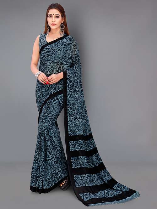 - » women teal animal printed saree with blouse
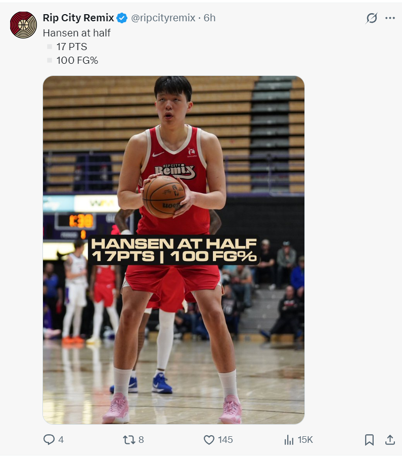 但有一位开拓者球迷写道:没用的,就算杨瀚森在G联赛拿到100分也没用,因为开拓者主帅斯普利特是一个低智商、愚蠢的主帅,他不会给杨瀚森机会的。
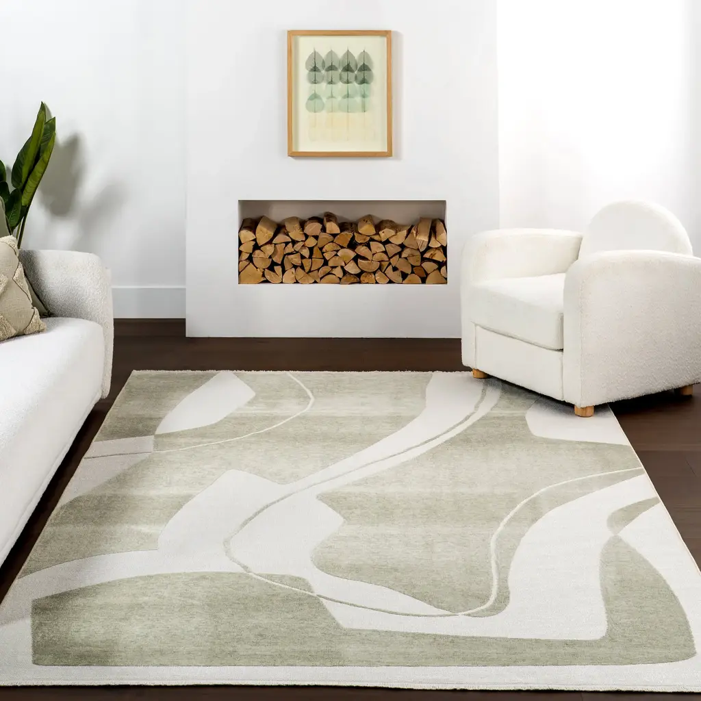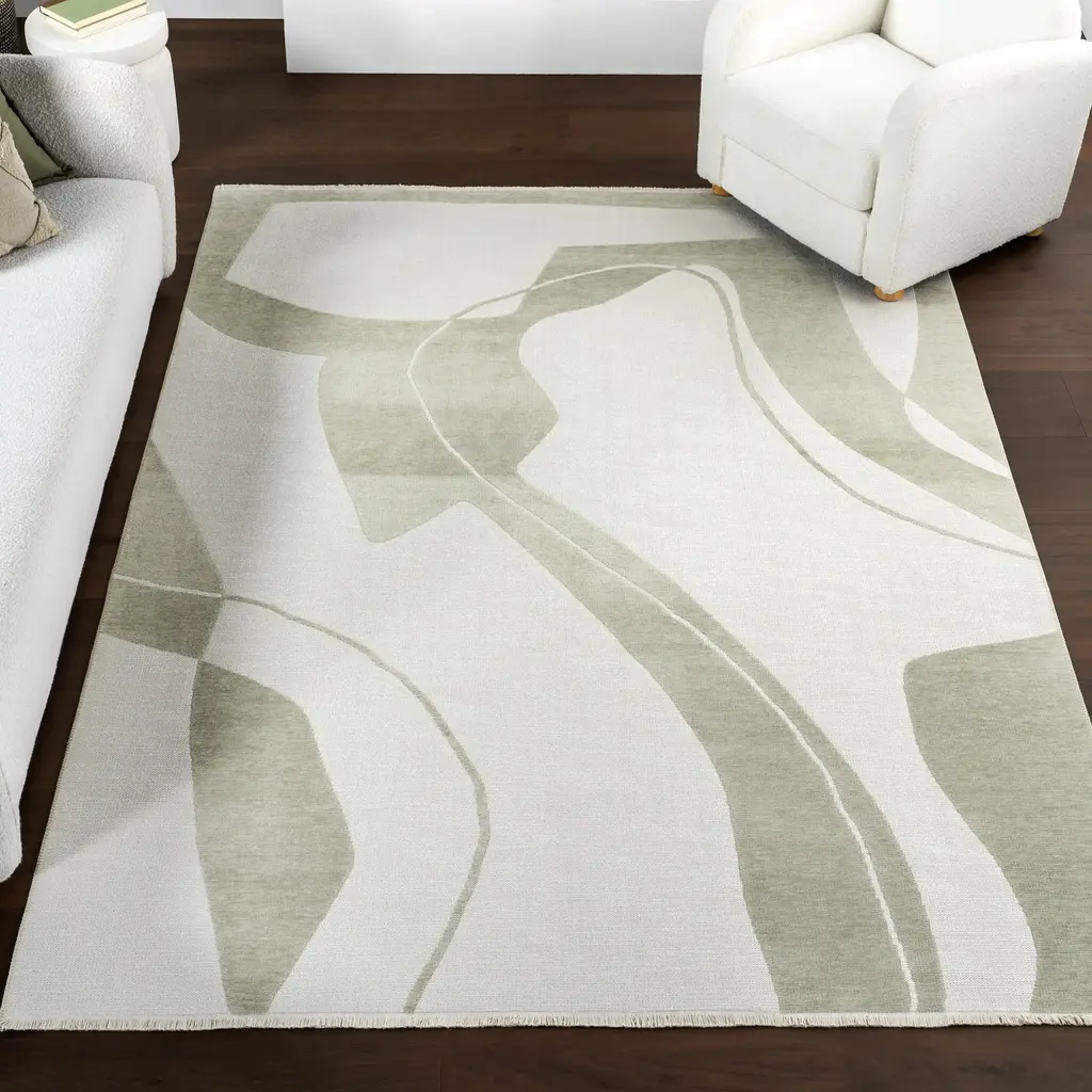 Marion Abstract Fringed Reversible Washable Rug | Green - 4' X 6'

+ + +

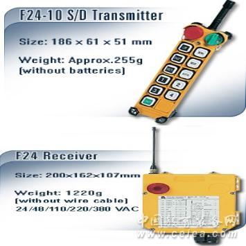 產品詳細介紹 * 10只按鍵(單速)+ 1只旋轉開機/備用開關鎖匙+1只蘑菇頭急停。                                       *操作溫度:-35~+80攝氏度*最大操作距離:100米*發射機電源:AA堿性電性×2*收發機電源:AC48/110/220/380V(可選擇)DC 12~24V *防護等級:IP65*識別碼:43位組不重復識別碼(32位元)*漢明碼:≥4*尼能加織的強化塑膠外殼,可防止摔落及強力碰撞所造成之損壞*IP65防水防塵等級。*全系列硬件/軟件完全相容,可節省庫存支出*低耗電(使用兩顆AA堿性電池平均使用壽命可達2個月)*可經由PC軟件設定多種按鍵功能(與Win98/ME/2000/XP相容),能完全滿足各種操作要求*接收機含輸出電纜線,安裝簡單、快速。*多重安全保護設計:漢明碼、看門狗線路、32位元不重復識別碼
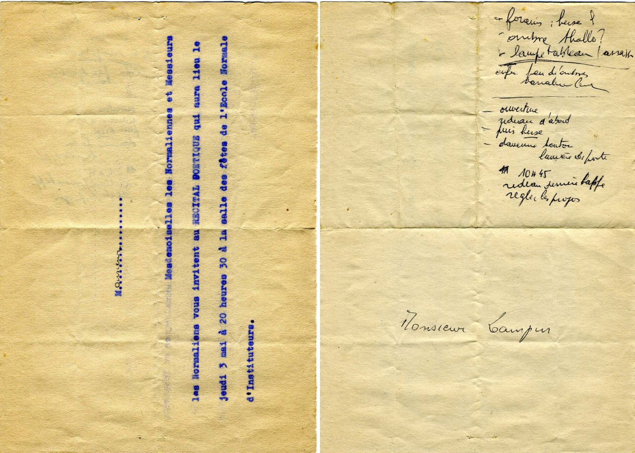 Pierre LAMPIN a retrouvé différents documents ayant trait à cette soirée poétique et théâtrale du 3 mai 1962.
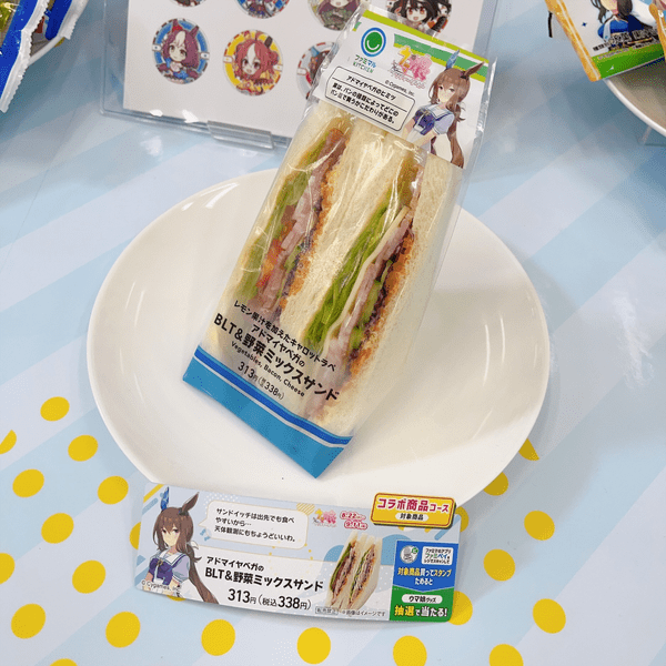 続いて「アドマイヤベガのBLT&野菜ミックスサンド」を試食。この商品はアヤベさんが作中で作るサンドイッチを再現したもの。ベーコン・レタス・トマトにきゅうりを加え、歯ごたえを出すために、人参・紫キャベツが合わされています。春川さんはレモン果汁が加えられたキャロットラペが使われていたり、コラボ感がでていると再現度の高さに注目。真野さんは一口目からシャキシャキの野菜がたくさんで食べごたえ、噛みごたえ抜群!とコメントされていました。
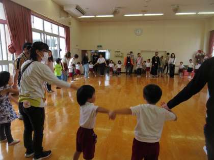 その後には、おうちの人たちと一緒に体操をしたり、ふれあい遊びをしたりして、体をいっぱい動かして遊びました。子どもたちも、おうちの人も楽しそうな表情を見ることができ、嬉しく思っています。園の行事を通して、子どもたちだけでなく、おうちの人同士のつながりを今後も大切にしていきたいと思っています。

+ + +

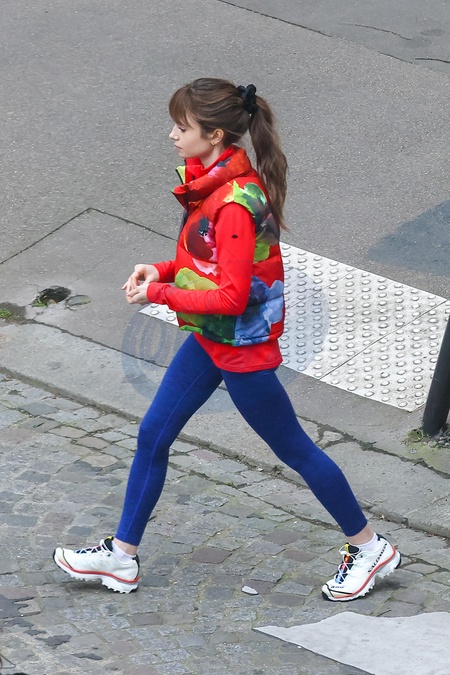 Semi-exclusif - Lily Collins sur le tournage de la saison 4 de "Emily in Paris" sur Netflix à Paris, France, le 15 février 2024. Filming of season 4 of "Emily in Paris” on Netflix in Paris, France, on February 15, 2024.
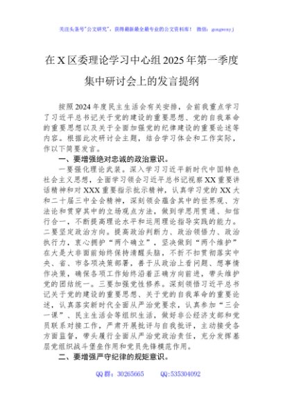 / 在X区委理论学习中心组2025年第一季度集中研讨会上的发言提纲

+ + +

- What this task involves -
Using the listing above, reproduce word for word every line from the one containing "saree with blouse" through the one containing "Marion Abstract Fringed". Pictures must be left out.

- Answer section -
 - » women teal animal printed saree with blouse
 但有一位开拓者球迷写道:没用的,就算杨瀚森在G联赛拿到100分也没用,因为开拓者主帅斯普利特是一个低智商、愚蠢的主帅,他不会给杨瀚森机会的。
 Marion Abstract Fringed Reversible Washable Rug | Green - 4' X 6'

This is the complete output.